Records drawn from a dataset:
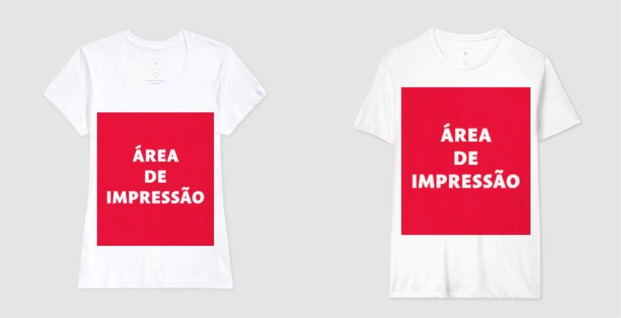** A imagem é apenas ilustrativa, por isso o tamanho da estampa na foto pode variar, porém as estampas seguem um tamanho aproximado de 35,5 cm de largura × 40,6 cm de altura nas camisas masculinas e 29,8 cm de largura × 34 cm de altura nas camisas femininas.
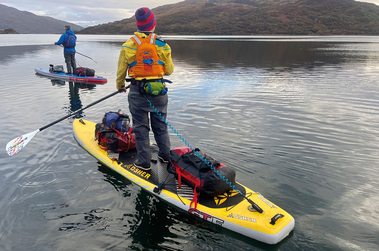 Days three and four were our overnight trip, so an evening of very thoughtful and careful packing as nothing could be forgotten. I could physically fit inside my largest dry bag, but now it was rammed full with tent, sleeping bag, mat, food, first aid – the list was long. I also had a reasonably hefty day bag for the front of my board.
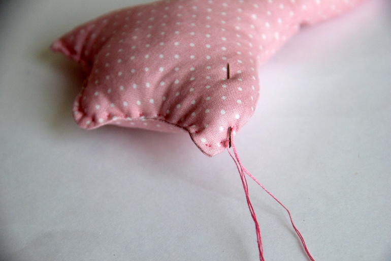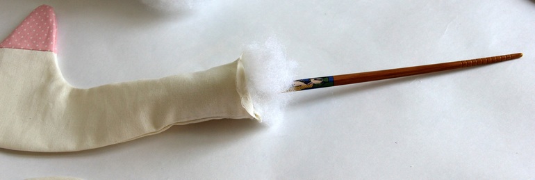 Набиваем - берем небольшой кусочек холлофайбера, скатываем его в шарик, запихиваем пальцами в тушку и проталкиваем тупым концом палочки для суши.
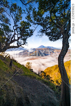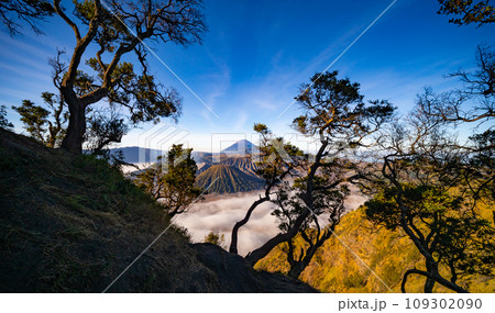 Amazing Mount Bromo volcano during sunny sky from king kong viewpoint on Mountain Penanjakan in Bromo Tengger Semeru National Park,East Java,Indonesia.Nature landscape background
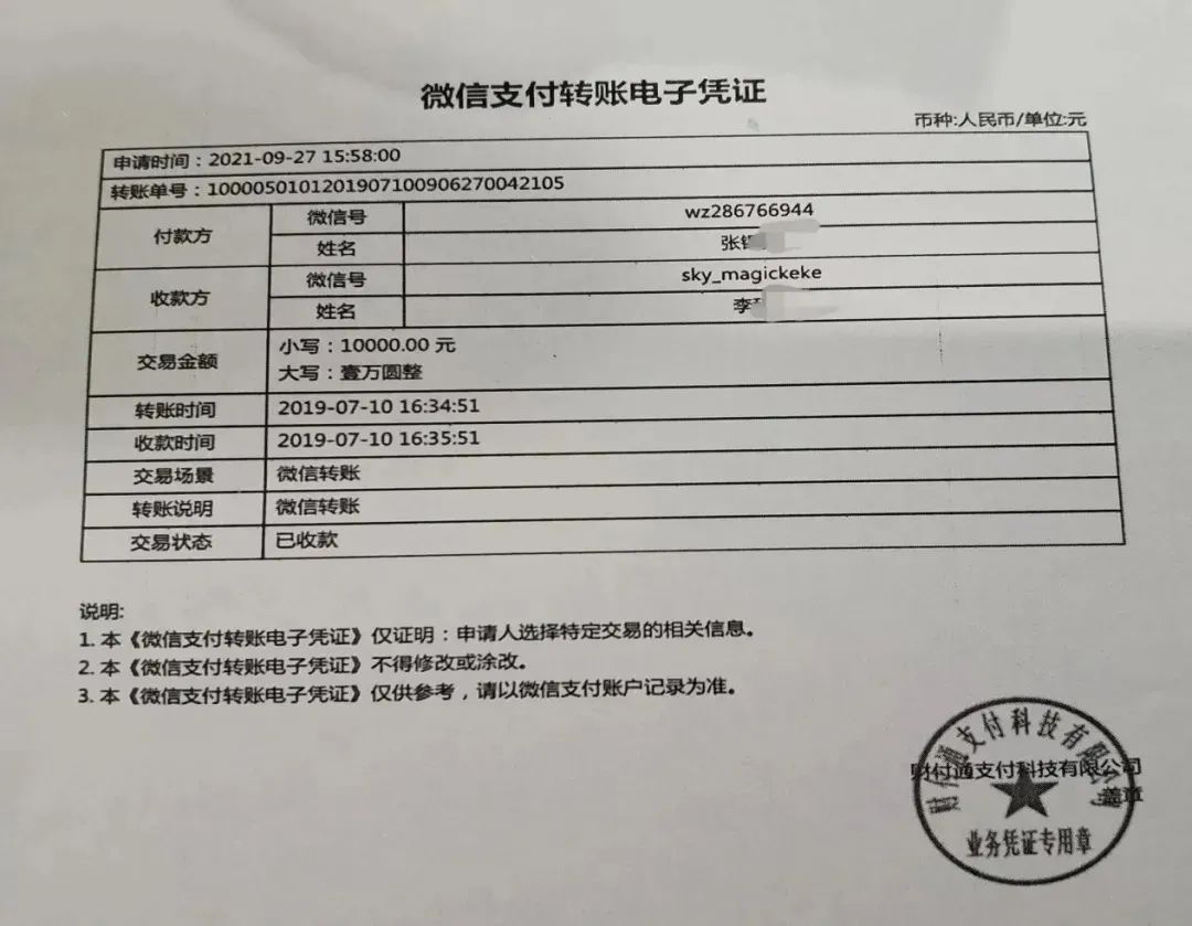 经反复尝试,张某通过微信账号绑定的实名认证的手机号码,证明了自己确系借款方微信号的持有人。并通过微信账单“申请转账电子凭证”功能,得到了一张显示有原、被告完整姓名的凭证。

*YOUR GOAL*: Would you please repeat all the data word for word, but without the pictures?

*ANSWER TO THE PROBLEM*:
** A imagem é apenas ilustrativa, por isso o tamanho da estampa na foto pode variar, porém as estampas seguem um tamanho aproximado de 35,5 cm de largura × 40,6 cm de altura nas camisas masculinas e 29,8 cm de largura × 34 cm de altura nas camisas femininas.
 Days three and four were our overnight trip, so an evening of very thoughtful and careful packing as nothing could be forgotten. I could physically fit inside my largest dry bag, but now it was rammed full with tent, sleeping bag, mat, food, first aid – the list was long. I also had a reasonably hefty day bag for the front of my board.
 Набиваем - берем небольшой кусочек холлофайбера, скатываем его в шарик, запихиваем пальцами в тушку и проталкиваем тупым концом палочки для суши.
 Amazing Mount Bromo volcano during sunny sky from king kong viewpoint on Mountain Penanjakan in Bromo Tengger Semeru National Park,East Java,Indonesia.Nature landscape background
 经反复尝试,张某通过微信账号绑定的实名认证的手机号码,证明了自己确系借款方微信号的持有人。并通过微信账单“申请转账电子凭证”功能,得到了一张显示有原、被告完整姓名的凭证。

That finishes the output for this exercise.